Instructions to follow:
Could you filter the data below down to the lines that hold the word "bolj"?

(Source data begins)

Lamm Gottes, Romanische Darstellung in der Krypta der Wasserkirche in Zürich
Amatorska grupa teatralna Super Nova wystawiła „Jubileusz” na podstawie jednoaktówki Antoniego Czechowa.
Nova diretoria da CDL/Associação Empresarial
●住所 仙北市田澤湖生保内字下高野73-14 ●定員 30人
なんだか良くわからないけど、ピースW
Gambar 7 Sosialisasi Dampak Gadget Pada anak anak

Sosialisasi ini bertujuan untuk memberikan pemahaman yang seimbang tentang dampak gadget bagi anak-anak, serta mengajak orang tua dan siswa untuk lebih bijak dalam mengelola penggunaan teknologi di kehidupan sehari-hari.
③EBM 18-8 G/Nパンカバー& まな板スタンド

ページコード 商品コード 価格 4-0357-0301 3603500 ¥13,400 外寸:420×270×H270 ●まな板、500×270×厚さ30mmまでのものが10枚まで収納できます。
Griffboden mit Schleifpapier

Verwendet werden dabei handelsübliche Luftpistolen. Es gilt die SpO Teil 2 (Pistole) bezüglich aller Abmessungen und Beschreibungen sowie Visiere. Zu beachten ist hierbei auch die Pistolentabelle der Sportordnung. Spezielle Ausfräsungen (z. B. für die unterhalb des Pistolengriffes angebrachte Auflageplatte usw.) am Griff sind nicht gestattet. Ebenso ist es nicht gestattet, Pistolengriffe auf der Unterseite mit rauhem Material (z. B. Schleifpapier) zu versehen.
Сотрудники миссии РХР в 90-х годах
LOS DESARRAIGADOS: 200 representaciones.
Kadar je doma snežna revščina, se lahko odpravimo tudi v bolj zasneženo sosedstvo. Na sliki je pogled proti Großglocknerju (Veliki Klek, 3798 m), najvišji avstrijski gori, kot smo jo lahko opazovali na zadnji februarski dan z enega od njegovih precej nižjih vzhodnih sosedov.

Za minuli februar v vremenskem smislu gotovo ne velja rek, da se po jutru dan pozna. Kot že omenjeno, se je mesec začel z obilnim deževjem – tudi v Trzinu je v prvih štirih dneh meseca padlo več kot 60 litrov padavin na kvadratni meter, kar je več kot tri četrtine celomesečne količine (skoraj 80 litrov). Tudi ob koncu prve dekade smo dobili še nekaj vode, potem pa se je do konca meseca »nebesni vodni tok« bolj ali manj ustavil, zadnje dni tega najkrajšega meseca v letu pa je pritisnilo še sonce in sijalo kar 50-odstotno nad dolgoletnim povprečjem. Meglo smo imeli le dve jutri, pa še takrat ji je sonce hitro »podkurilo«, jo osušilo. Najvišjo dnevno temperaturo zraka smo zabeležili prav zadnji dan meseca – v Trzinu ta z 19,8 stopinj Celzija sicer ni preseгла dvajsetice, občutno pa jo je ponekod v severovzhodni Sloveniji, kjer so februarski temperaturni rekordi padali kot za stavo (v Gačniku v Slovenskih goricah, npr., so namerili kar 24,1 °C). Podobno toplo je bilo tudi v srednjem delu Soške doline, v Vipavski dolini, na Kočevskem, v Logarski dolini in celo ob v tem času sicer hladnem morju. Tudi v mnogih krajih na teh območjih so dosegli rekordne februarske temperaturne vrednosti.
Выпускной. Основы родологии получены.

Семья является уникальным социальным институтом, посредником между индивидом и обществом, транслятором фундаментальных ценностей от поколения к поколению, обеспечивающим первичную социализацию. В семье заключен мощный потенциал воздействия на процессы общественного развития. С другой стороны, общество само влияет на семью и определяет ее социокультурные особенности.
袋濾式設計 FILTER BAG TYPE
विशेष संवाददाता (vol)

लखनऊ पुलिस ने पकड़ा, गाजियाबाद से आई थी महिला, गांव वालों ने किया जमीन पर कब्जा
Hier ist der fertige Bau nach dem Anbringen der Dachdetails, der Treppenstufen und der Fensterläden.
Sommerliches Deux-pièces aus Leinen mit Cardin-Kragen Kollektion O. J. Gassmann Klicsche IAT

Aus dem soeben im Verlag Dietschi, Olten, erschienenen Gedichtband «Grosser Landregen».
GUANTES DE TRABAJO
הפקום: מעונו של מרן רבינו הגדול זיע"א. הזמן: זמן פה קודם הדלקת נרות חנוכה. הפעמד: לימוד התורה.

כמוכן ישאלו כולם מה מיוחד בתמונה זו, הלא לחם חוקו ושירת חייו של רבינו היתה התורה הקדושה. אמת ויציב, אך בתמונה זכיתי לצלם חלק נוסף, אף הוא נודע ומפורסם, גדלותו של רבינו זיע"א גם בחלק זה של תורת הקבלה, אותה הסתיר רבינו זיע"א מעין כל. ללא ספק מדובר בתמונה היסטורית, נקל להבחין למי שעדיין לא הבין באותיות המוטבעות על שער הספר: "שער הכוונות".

(Source data ends)
(Source data begins)

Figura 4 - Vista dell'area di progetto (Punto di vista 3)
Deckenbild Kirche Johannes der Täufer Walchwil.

(Source data ends)

Written response:
Kadar je doma snežna revščina, se lahko odpravimo tudi v bolj zasneženo sosedstvo. Na sliki je pogled proti Großglocknerju (Veliki Klek, 3798 m), najvišji avstrijski gori, kot smo jo lahko opazovali na zadnji februarski dan z enega od njegovih precej nižjih vzhodnih sosedov.
Za minuli februar v vremenskem smislu gotovo ne velja rek, da se po jutru dan pozna. Kot že omenjeno, se je mesec začel z obilnim deževjem – tudi v Trzinu je v prvih štirih dneh meseca padlo več kot 60 litrov padavin na kvadratni meter, kar je več kot tri četrtine celomesečne količine (skoraj 80 litrov). Tudi ob koncu prve dekade smo dobili še nekaj vode, potem pa se je do konca meseca »nebesni vodni tok« bolj ali manj ustavil, zadnje dni tega najkrajšega meseca v letu pa je pritisnilo še sonce in sijalo kar 50-odstotno nad dolgoletnim povprečjem. Meglo smo imeli le dve jutri, pa še takrat ji je sonce hitro »podkurilo«, jo osušilo. Najvišjo dnevno temperaturo zraka smo zabeležili prav zadnji dan meseca – v Trzinu ta z 19,8 stopinj Celzija sicer ni preseгла dvajsetice, občutno pa jo je ponekod v severovzhodni Sloveniji, kjer so februarski temperaturni rekordi padali kot za stavo (v Gačniku v Slovenskih goricah, npr., so namerili kar 24,1 °C). Podobno toplo je bilo tudi v srednjem delu Soške doline, v Vipavski dolini, na Kočevskem, v Logarski dolini in celo ob v tem času sicer hladnem morju. Tudi v mnogih krajih na teh območjih so dosegli rekordne februarske temperaturne vrednosti.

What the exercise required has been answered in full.